---------- Exercise data

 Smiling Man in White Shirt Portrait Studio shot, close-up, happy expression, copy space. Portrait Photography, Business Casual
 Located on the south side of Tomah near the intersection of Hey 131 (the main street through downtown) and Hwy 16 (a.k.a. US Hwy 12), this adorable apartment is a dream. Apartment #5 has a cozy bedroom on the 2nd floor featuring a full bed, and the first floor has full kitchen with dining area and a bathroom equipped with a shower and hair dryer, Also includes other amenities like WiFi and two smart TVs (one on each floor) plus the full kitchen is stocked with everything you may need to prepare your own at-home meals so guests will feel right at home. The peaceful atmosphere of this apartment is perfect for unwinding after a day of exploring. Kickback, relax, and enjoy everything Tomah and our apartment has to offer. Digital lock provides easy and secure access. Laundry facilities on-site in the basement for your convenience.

--------------------
---------- Exercise data

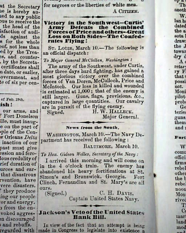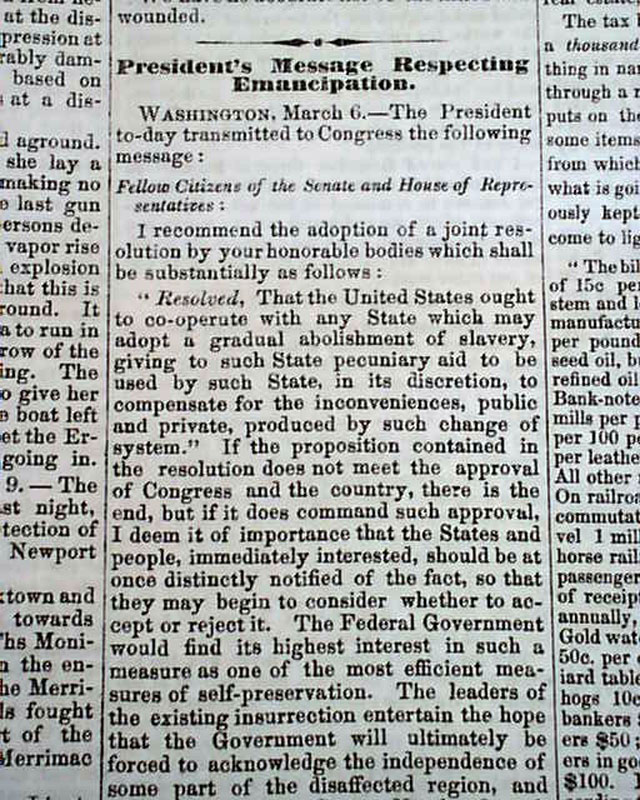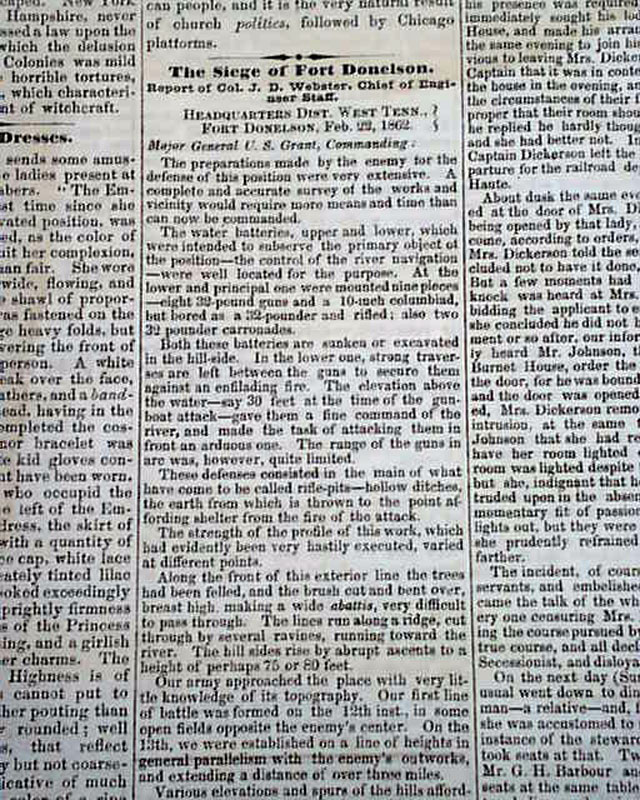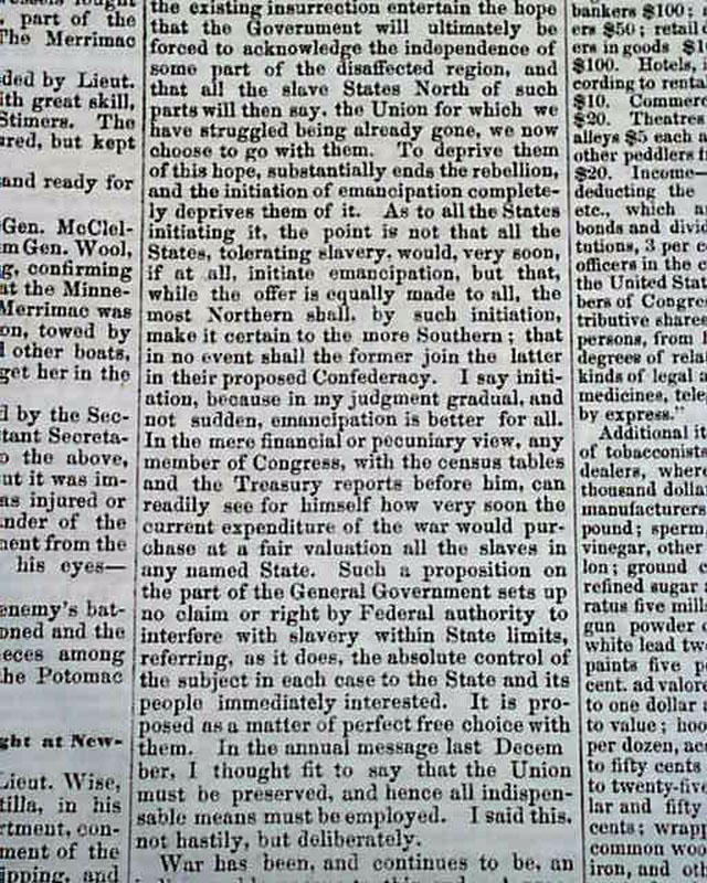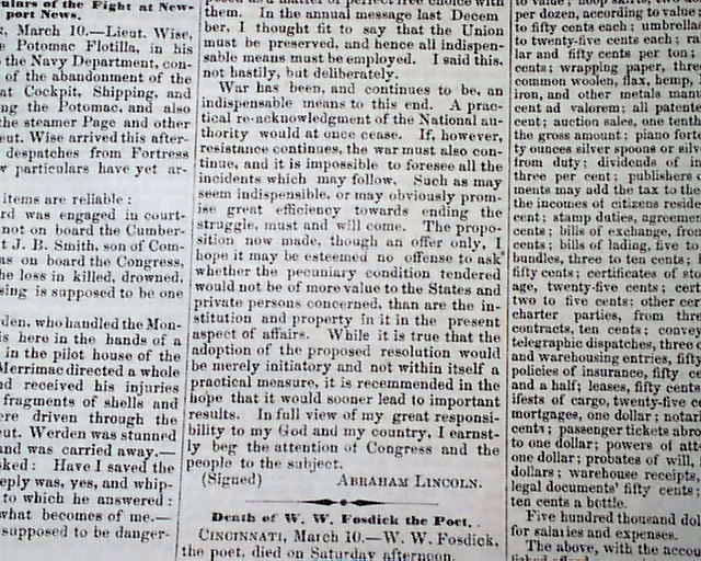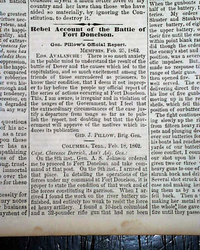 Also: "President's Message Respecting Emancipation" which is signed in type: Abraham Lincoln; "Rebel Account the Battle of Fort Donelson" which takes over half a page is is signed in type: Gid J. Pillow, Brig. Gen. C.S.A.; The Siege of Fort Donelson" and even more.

--------------------

**Try it:**
Begin with the line above that has "Smiling Man in" and continue through the line that has "Located on the", setting each one down exactly. Stop there.

**Worked solution:**
 Smiling Man in White Shirt Portrait Studio shot, close-up, happy expression, copy space. Portrait Photography, Business Casual
 Located on the south side of Tomah near the intersection of Hey 131 (the main street through downtown) and Hwy 16 (a.k.a. US Hwy 12), this adorable apartment is a dream. Apartment #5 has a cozy bedroom on the 2nd floor featuring a full bed, and the first floor has full kitchen with dining area and a bathroom equipped with a shower and hair dryer, Also includes other amenities like WiFi and two smart TVs (one on each floor) plus the full kitchen is stocked with everything you may need to prepare your own at-home meals so guests will feel right at home. The peaceful atmosphere of this apartment is perfect for unwinding after a day of exploring. Kickback, relax, and enjoy everything Tomah and our apartment has to offer. Digital lock provides easy and secure access. Laundry facilities on-site in the basement for your convenience.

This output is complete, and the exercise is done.